# A line segment is bisected by a line with the equation  5 y -4 x = 1 . If one end of the line segment is at (3 ,8 ), where is the other end?

Oct 30, 2016

The other end is at the point $\left(7 , 3\right)$

#### Explanation:

It is implied that the bisector is perpendicular to bisected line, therefore we can use the slope of the bisector to find the slope of the bisected line.

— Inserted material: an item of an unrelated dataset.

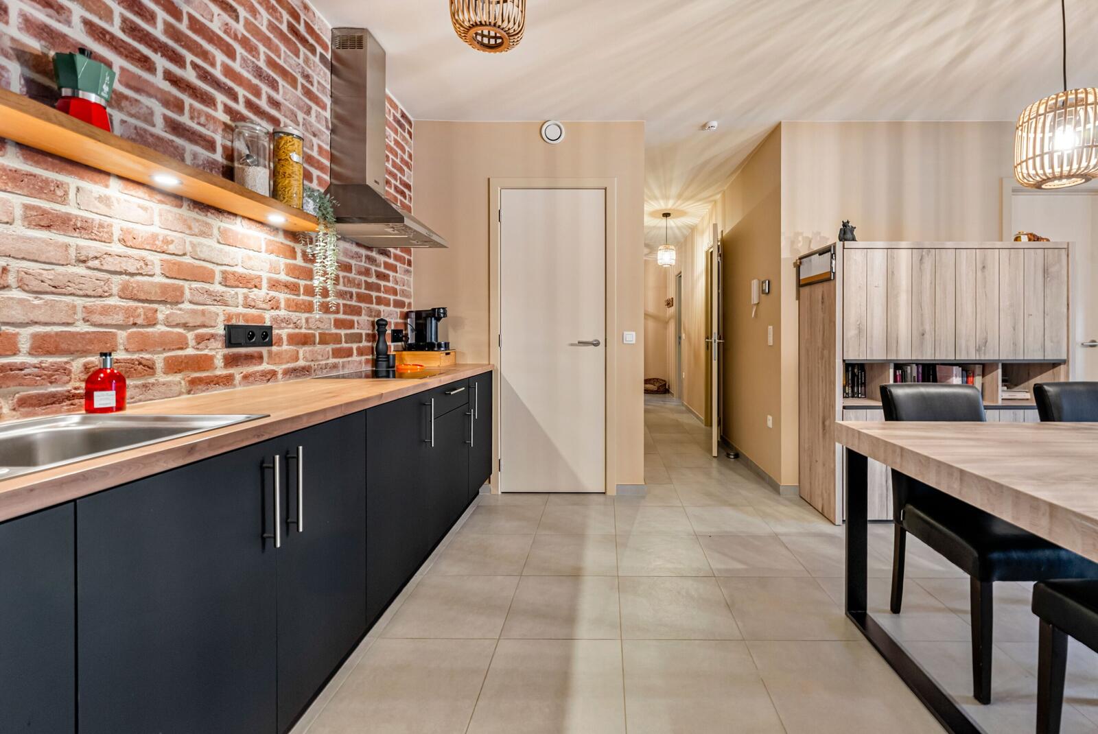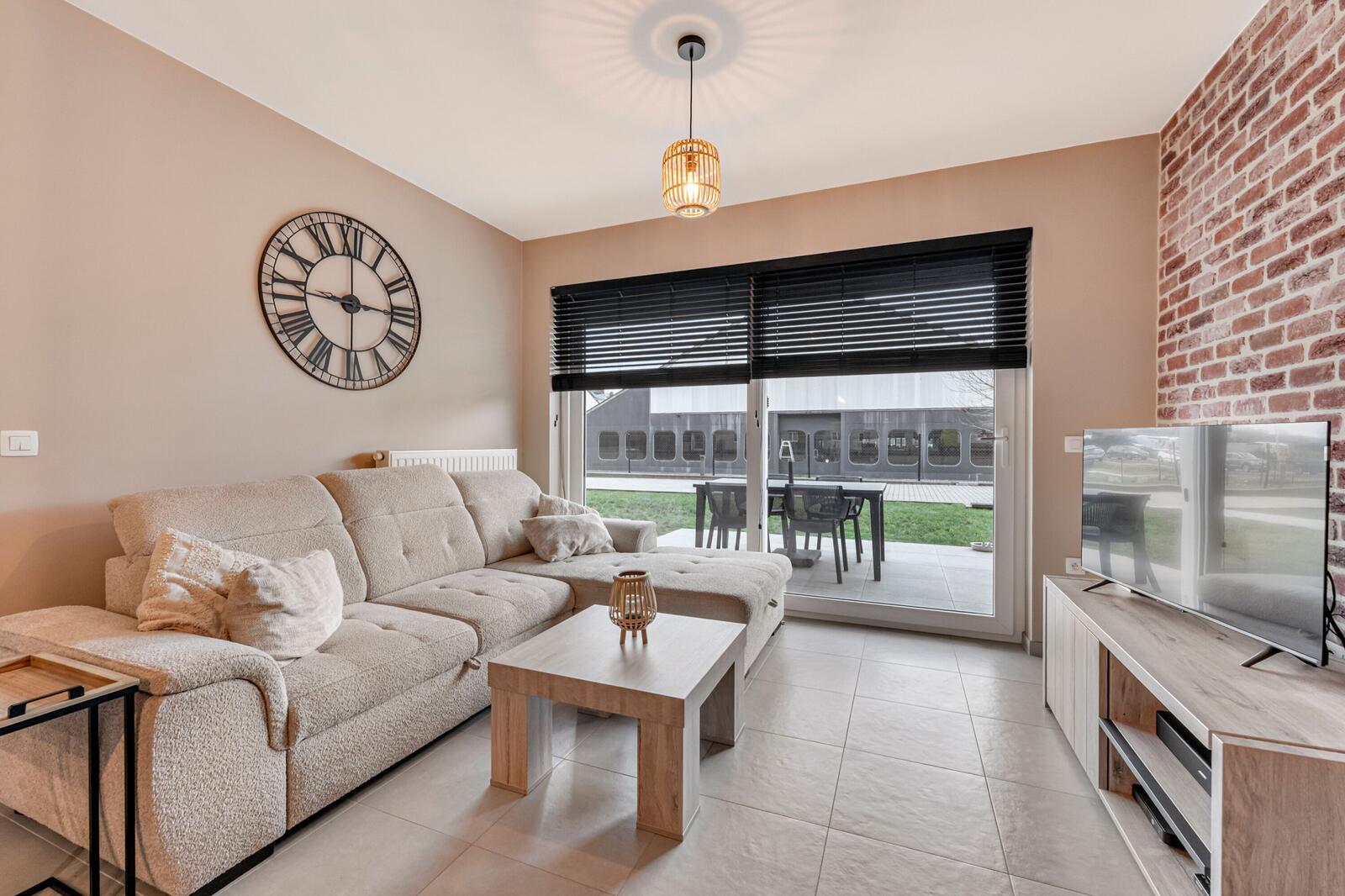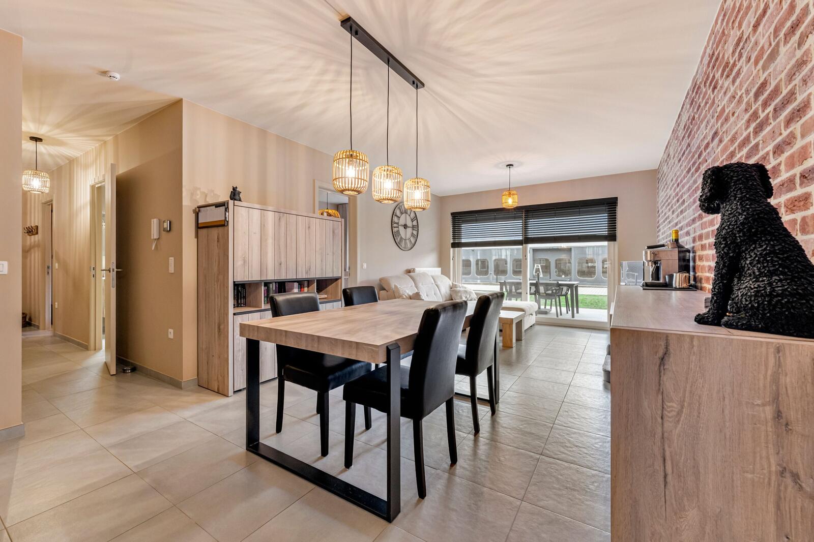 De lichtrijke leefruimte beschikt over ee eetplaats met zithoek en open keuken.

Write the equation of the bisector line in slope-intercept form so that we may observe the slope:

$y = \frac{4}{5} x + 1$ [1]

The slope $m = \frac{4}{5}$

The slope, n, of the bisected line is the negative reciprocal, $n = - \frac{5}{4}$

Substitute the slope and the point, $\left(3 , 8\right)$, and the slope, $- \frac{5}{4}$ into the slope-intercept form of the equation of a line, $y = n x + b$ and then solve for b:

$8 = - \frac{5}{4} \left(3\right) + b$

$b = 8 + \frac{15}{4}$

$b = \frac{47}{4}$

The equation of the bisected line is:

$y = - \frac{5}{4} x + \frac{47}{4}$ [2]

Subtract equation [1] from equation [2]:

$y - y = - \frac{5}{4} x - \frac{4}{5} x + \frac{47}{4} - 1$

$0 = - \frac{5}{4} x - \frac{4}{5} x + \frac{47}{4} - 1$

$0 = - \frac{41}{20} x + \frac{43}{4}$

$\frac{41}{20} x = \frac{43}{4}$

$x = \frac{215}{43}$

The x coordinate of intersection is:

$x = 5$

The point of intersection is 2 units to the right of the starting point; the ending point must be an additional 2 units:

$x = 7$

Substitute 7 for x into equation [2]:

$y = - \frac{5}{4} \left(7\right) + \frac{47}{4}$

$y = - \frac{5}{4} \left(7\right) + \frac{47}{4}$

$y = 3$